Сёдзо почти не пришлось ждать. Не успел он войти, как раздвижная дверь, ведущая во внутренние комнаты, с шумом открылась. Появился высокий мужчина в костюме полувоенного покроя.

— Ясудзо, второй сын Ито,— отрекомендовался он и, протянув правую руку, подвинул себе кресло. Не давая времени гостю представиться в свою очередь, он сел поодаль от стола и заговорил: — Вы, кажется, изволили сказать, что посещение ваше связано с Синго? Как вам известно, дом Ямадзи и наш дом уже с давних пор ни в каких отношениях не состоят. Поэтому и сейчас, переживая такое горе, мы ни на какое соболезнование со стороны Ямадзи не рассчитываем. По той же причине мы не представляем себе, чтобы Синго мог передать вам что-либо на хранение. Если же паче чаяния он все-таки действительно передал вам что-то, мы хотели бы знать, что именно и по какой причине. Поэтому я готов вас выслушать.

— Дневник.

— Днев-ник?—протянул Ясудзо, точно произносил иностранное слово, которое услышал впервые, и нахмурил густые брови, совсем такие же, как у покойного Синго.— И вас он избрал хранителем? Как это ему могло прийти в голову!
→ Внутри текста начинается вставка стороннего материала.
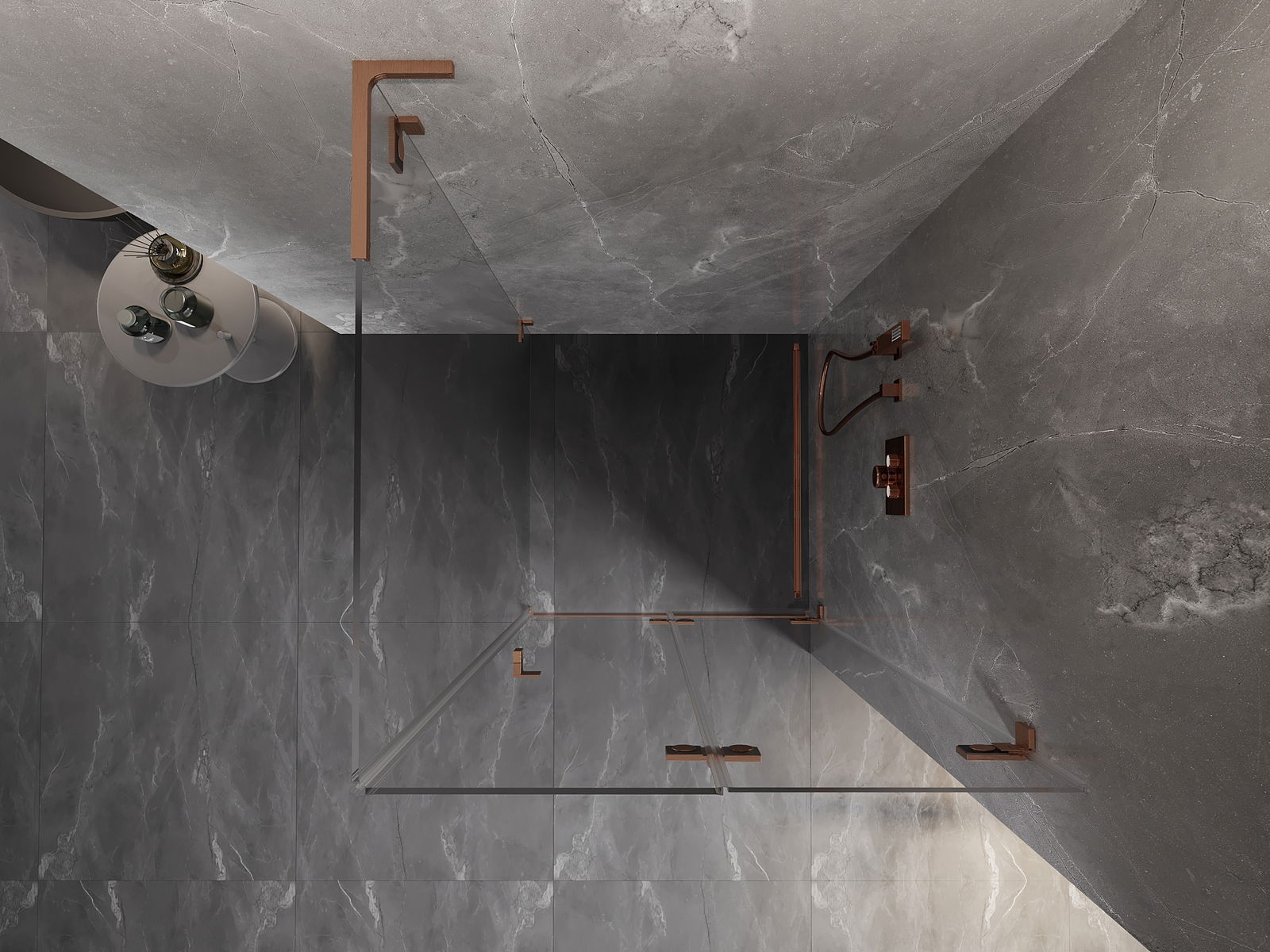 Mexen Lunar-F L sprchová kabina skládací pravá 90 x 90 cm, transparentní, kartáčovaná měď - 836L-090-090-65-00-P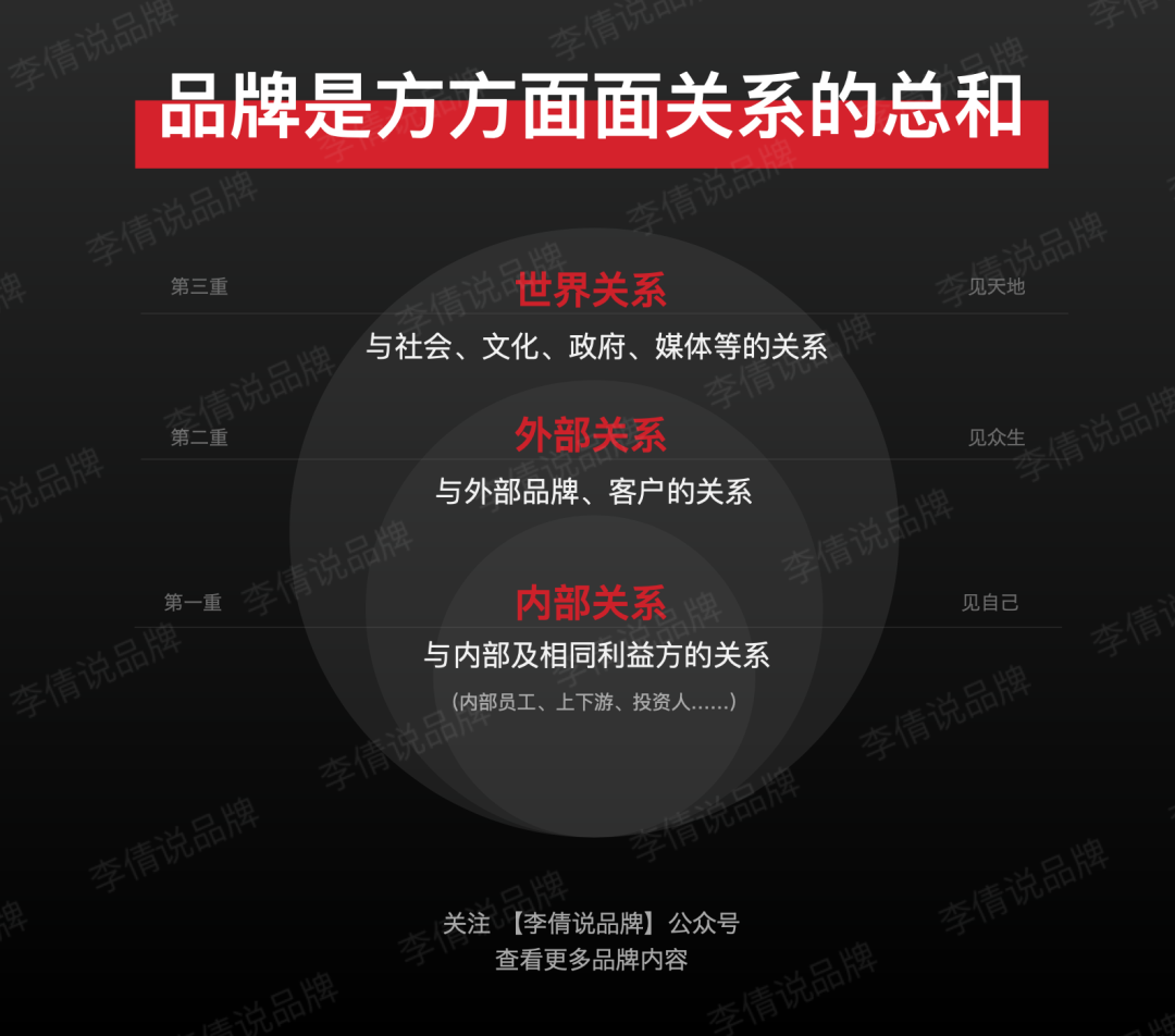 我的工作室叫关系品牌事务所,为什么是关系品牌呢?因为我认为,品牌是方方面面关系的总和。借用电影《一代宗师》里章子怡的一句台词:习武之人有三重境界:见自己、见众生、见天地。一个品牌也会有三重关系:内部关系、外部关系和世界关系。

— Это своего рода завещание. Вы все поймете сами, когда прочитаете дневник. Синго прислал мне этот дневник, когда стало известно, что его забирают в армию. Так у нас было с ним раньше условлено. Если бы Синго благополучно возвратился с фронта, я должен был бы, не читая дневника, вернуть его хозяину. В случае же несчастья с ним я должен был прочесть дневник и потом лично доставить вам. Это также было обусловлено, а почему Синго меня попросил — думаю, объяснение этому вы найдете в дневнике. Я любил и уважал Синго, но когда прочел его дневник, то убедился, что недооценивал его — это был замечательный человек. Мне невыразимо жаль, что он погиб.

С этими словами Сёдзо достал из портфеля и положил на край стола, против которого сидел Ясудзо, толстую общую тетрадь в коричневой обложке из ледерина, на которой во всю ширину наклейки жирным шрифтом было выведено «Для заметок», а ниже стояли инициалы С. И. Сёдзо замолк. Эти две буквы, словно капельки едкой, обжигающей до боли жидкости, глубоко проникли ему в душу. О том, что Синго скончался в военном госпитале, он не знал до позавчерашнего дня, то есть до своего возвращения из Токио. Печальная весть ошеломила его, а дневник, в который он заглянул согласно условию, буквально потряс Сёдзо. И однако из глаз его не выкатилось ни одной слезинки — он должен был выполнить долг, и долг этот требовал огромного морального напряжения. Но сейчас, когда эта тетрадь уже лежала здесь на столе, наступила душевная разрядка, и Сёдзо стало легче. Он быстро заморгал глазами и, вытащив платок, высморкался. Подперев кончиками пальцев левой руки свежевыбритый синеватый подбородок, Ясудзо не спускал с него глаз. Когда тетрадь появилась из портфеля и легла на стол, он искоса взглянул на нее, но не притронулся, не сделал попытки заглянуть в нее. Гладко выбритая голова обнажала контуры его черепа от узкого лба до затылка. Сидел он, выпятив грудь и высоко закинув колено, словно собирался положить ногу на подлокотник кресла, и поза эта наводила на мысль, что ему очень пошли бы красные с зеленым погоны и петлицы. Впечатление это еще усиливал костюм цвета хаки из отличной шерстяной ткани, какую носили офицеры. Вращаясь в кругу военных, он, видимо, незаметно усвоил себе их манеры, и даже когда он кончиками пальцев подпирал гладковыбритый подбородок, это, очевидно, было подражанием тем же военным.